11.10. 13:30virtual Leila Parsaei-Majd

Clustering is the problem of partitioning data points into clusters based on their similarity. Correlation clustering provides a method for separating the vertices of a signed graph into the optimum number of clusters without specifying that number in advance, and the main objective in this type of clustering is to minimize the sum of the number of negative edges inside each cluster and the number of positive edges between each pair of clusters. For the first time, correlation clustering was introduced by Bansal, Blum, and Chawla in 2004, and has many applications in different fields such as social networks, financial networks, and image segmentation.
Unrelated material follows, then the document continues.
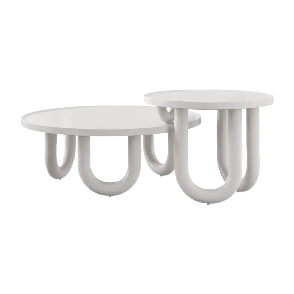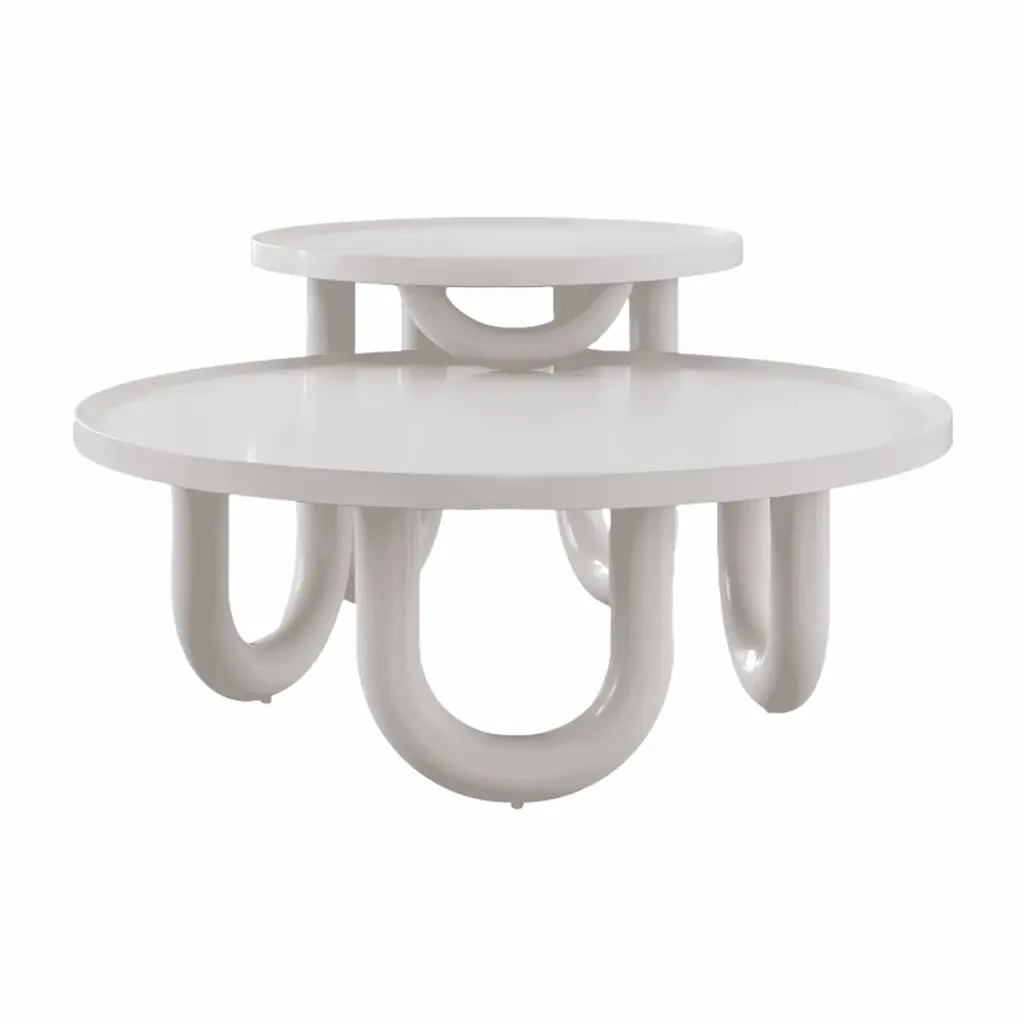 The Cielo Coffee Table Alabaster is a statement of modern elegance and functionality. It boasts a unique two-tiered design with round tabletops that offer ample space for decor, books, or beverages. The curved, piped legs add an artistic touch, creating a visually striking silhouette. The interplay of shapes and levels makes the Cielo Coffee Table a striking yet versatile addition to contemporary living spaces.
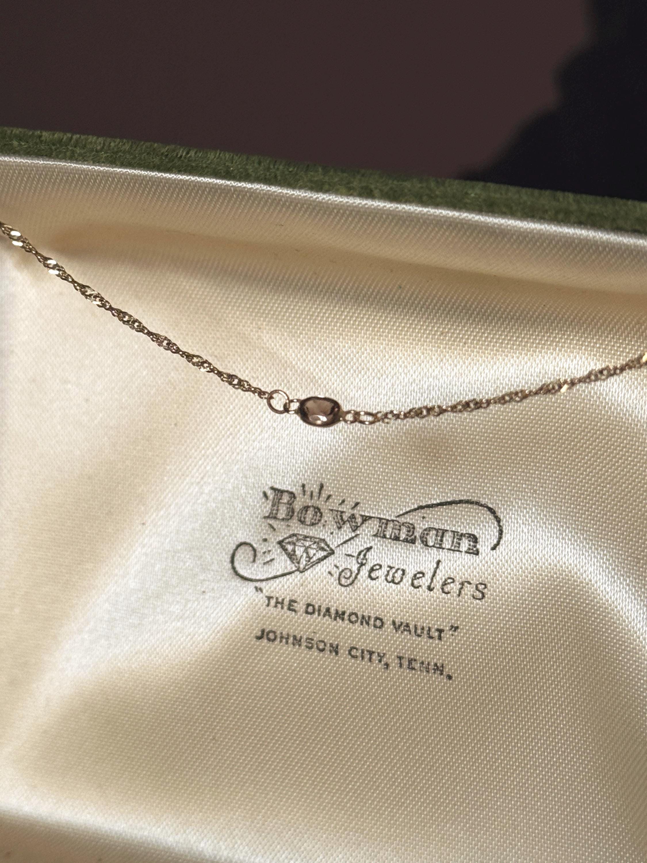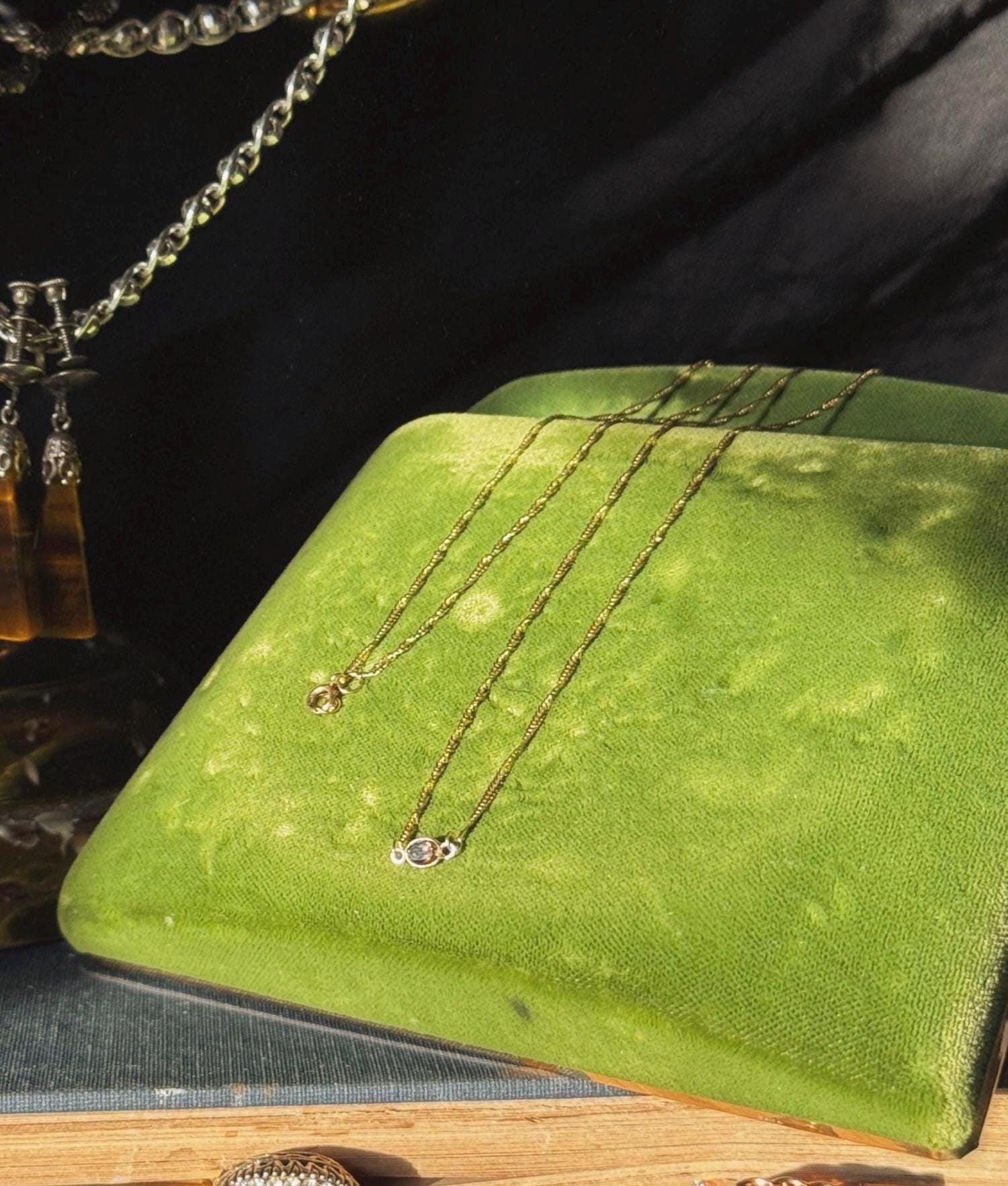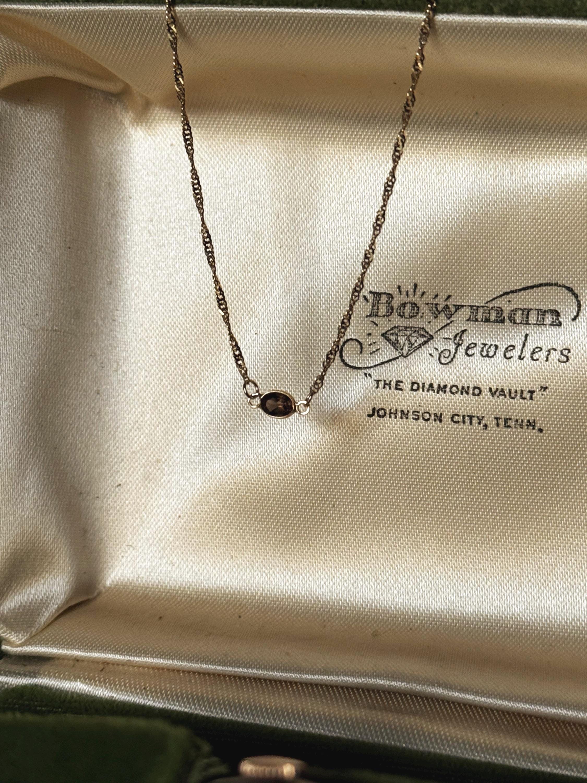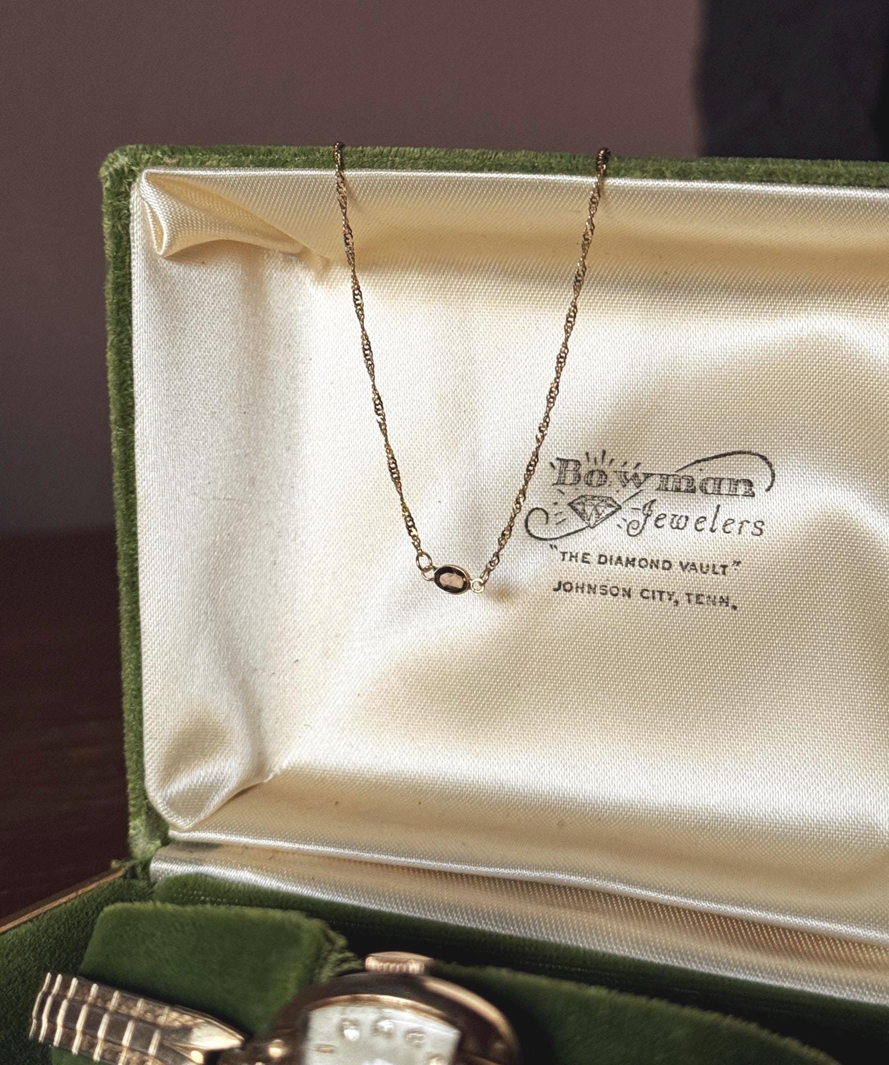 A one-of-a-kind, handmade by Feral Ties collar-length necklace using a vintage solid gold chain and a modern solid gold charm with smoky quartz as a center stone. A dainty and understated necklace perfect for everyday wear and special occasions alike. Stack it or wear it on its own.

In this talk, we present three algorithms. The first one is a local search to separate the vertices into two parts, and the second and third one are related to the general case. Also, by considering two conditions on the signed graphs we can obtain a 2-approximation. The best results obtained in correlation clustering are a 3-approximation for signed k-partite graphs (2015), and a 1.994-approximation for signed complete graphs (2022).